In fact, the actions of the "last generation" are also being criticized within the climate movement.

It can be assumed that the majority of the population rejects actions that damage property or even endanger people.

But that doesn't mean that the movement is harmed.

Historical experience teaches that many social movements have been successful not only in spite of but also because of a "radical flank".

In a recent study, the sociologists Brent Simpson, Robb Willer and Matthew Feinberg ask whether the benefit or harm of a radical flank can be more precisely determined.
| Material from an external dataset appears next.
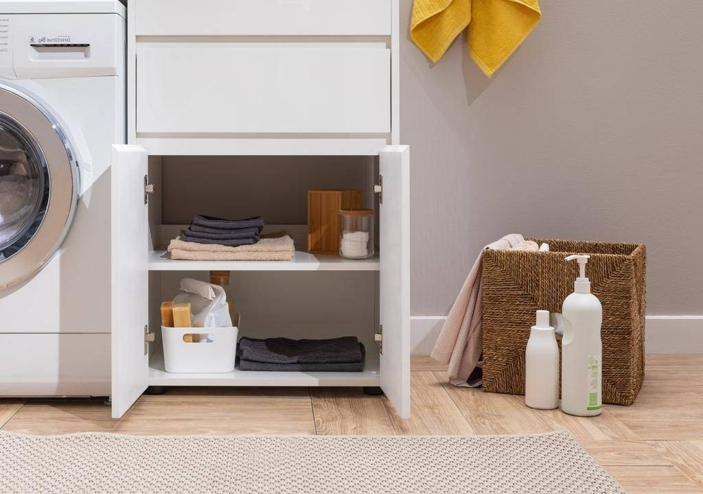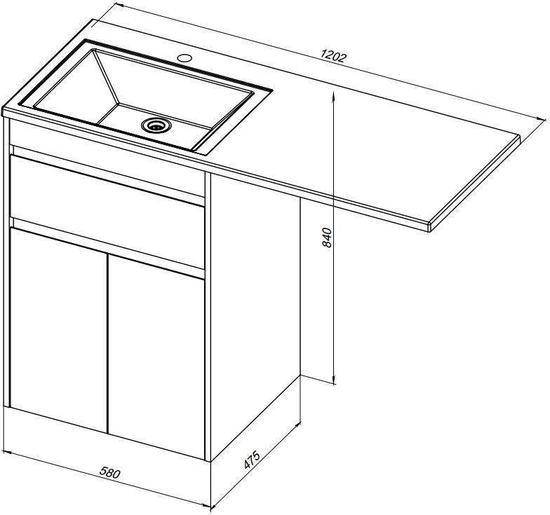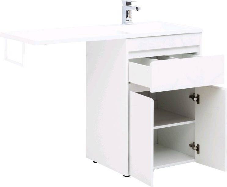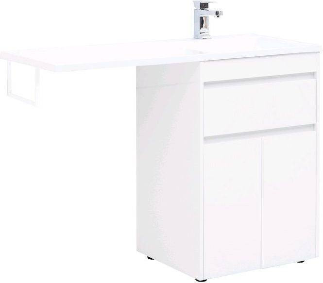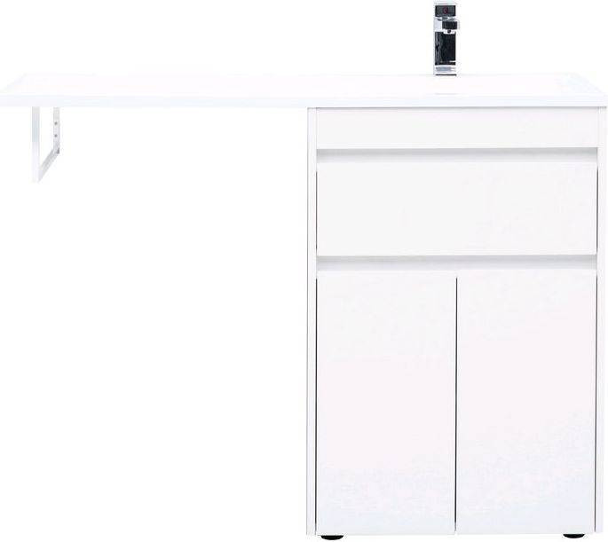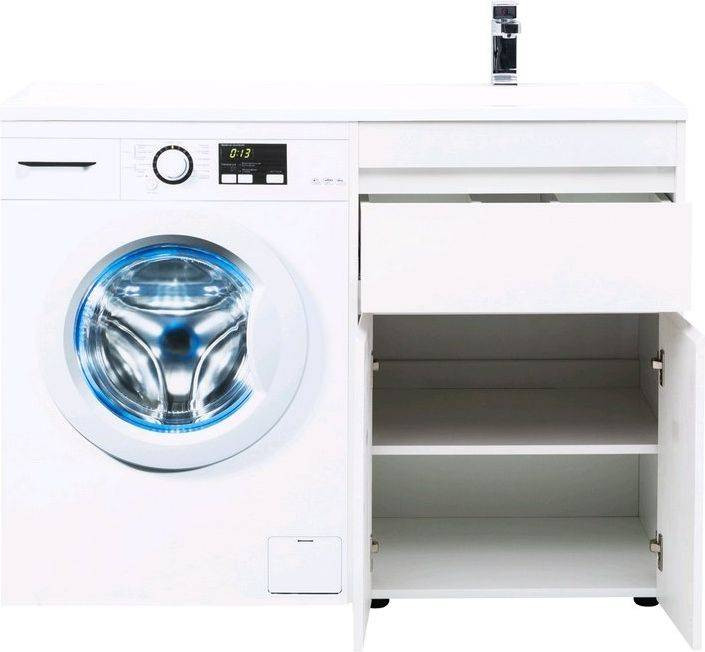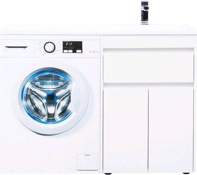 Тумба с раковиной Aquanet Токио 120 R (напольная, 1 ящик, 2 дверцы) белого цвета представляет новый формат тумб производства Aquanet. Раковина из литьевого мрамора имеет длинную платформу, которая выходит далеко за пределы тумбы. Она предназначена для того, чтобы установить с левой стороны от тумбы стиральную машину. Платформа имеет такую длину, которая позволит спрятать под нее машинку средних размеров с фронтальной загрузкой. Корпус тумбы выполнен из влагостойкого ЛДСП, а фасады – из МДФ с покрытием эмалью. Разнообразные зоны хранения в тумбе шириной 580 мм скрыты в ящике и за распашными дверками. Тумбу можно использовать и без соседства со стиральной машиной, а свободное пространство под платформой раковины занять подкатной тумбой, приспособлениями для уборки помещения или столиком.

They conducted two polling experiments to examine the effects of a radical faction on support for a movement's core goals.

Respondents were confronted with two portraits each of protest groups from the animal rights and climate protection movements.

Some of the respondents were offered two moderate descriptions, others one radical and one moderate.

In this way, it was possible to determine whether the assessment of the moderate faction changes as a result of being able to compare it with a radical faction, and if so, in what way.

While a negative effect can be based on equating the entire movement with its radical part, a positive effect can be explained by a contrast effect:

Moderates appear more moderate when there are also extremists

The contrasting descriptions of the movement factions portray both the tactics and the goals: moderate animal and climate protectionists organized demonstrations and information events, while the radicals blocked traffic and smeared delivery trucks of the meat industry with blood and offal or attacked the employees of oil companies.

The program also differed: animal welfare was to be promoted either by reducing meat consumption or by radically rejecting any consumption of animal products;

protect the climate either by phasing out fossil fuels within 15 years or by banning them immediately.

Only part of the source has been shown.